Added a file "lxc.service" for a systemd service file.
Added a file "lxc-devsetup" to setup /dev/ on startup to support autodev
in containers.
Service file references lxc-devsetup as an ExecStartPre command. The
lxc-devsetup script is not dependent on systemd or Fedora and can
be used at bootup on any system.
Modified lxc.spec.in to install the two new files on Fedora. The systemd
specific code in the lxc.spec file may need some review and conditionalize
for systemd on non-systemd rpm-based systems.
Signed-off-by: Michael H. Warfield <mhw@WittsEnd.com> Signed-off-by: Serge Hallyn <serge.hallyn@ubuntu.com>
Serge Hallyn [Thu, 21 Nov 2013 15:05:59 +0000 (09:05 -0600)]

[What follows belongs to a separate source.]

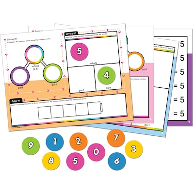 The Edu-Clings Silicone Center: Number Bonds will support students as they work with foundational addition and subtraction skills such as composing and decomposing numbers, part-part-whole, and making 10. This easy-to-clean, 21-piece resource provides a revolutionary hands-on learning experience for both at home or in the classroom. Each dry-erase mat measures 8.5 inches x 11 inches, with each manipulative measuring approximately 1.97 inches in diameter.Edu-Clings are the perfect hands-on learning manipulatives. They encourage discovery and deeper understanding at home and in the classroom. The innovative silicone material is easy to clean, quiet, durable, and clings to all nonporous surfaces without leaving any residue. It's dishwasher safe so you can sanitize regularly and easily. You can even write on it with dry-erase markers! Warm water and a touch of dish soap will always make it cling like new. From individual center activities to larger manipulatives that are perfect for whiteboards, Edu-Clings will revolutionize hands-on learning at home and in the classroom.

lxcapi_clone: set the right environment variable for mounted fs
If the container is dir-backed, we don't actually mount it (to
support unprivileged use). So always set the LXC_ROOTFS_MOUNT
to bdev->dest, not to the rootfs path specified in the container
configuration.
If autodev is not specifically set to 0 or 1, attempts to determine if
systemd is being utilized and forces autodev=1 to prevent host system
conflicts and collisions.
If autodev is enabled and the host /dev is mounted with devtmpfs
or /dev/.lxc is mounted with another file system...
Each container created by a privileged user gets a /dev directory
mapped off the host /dev here:
/dev/.lxc/${name}.$( hash $lxcpath/$name )
Each container created by a non-privileged user gets a /dev/directory
mapped off the host /dev here:
/dev/.lxc/user/${name}.$( hash $lxcpath/$name )
The /dev/.lxc/user is mode 1777 to allow unpriv access.
The /dev/.lxc/{containerdev} is bind mounted into the container /dev.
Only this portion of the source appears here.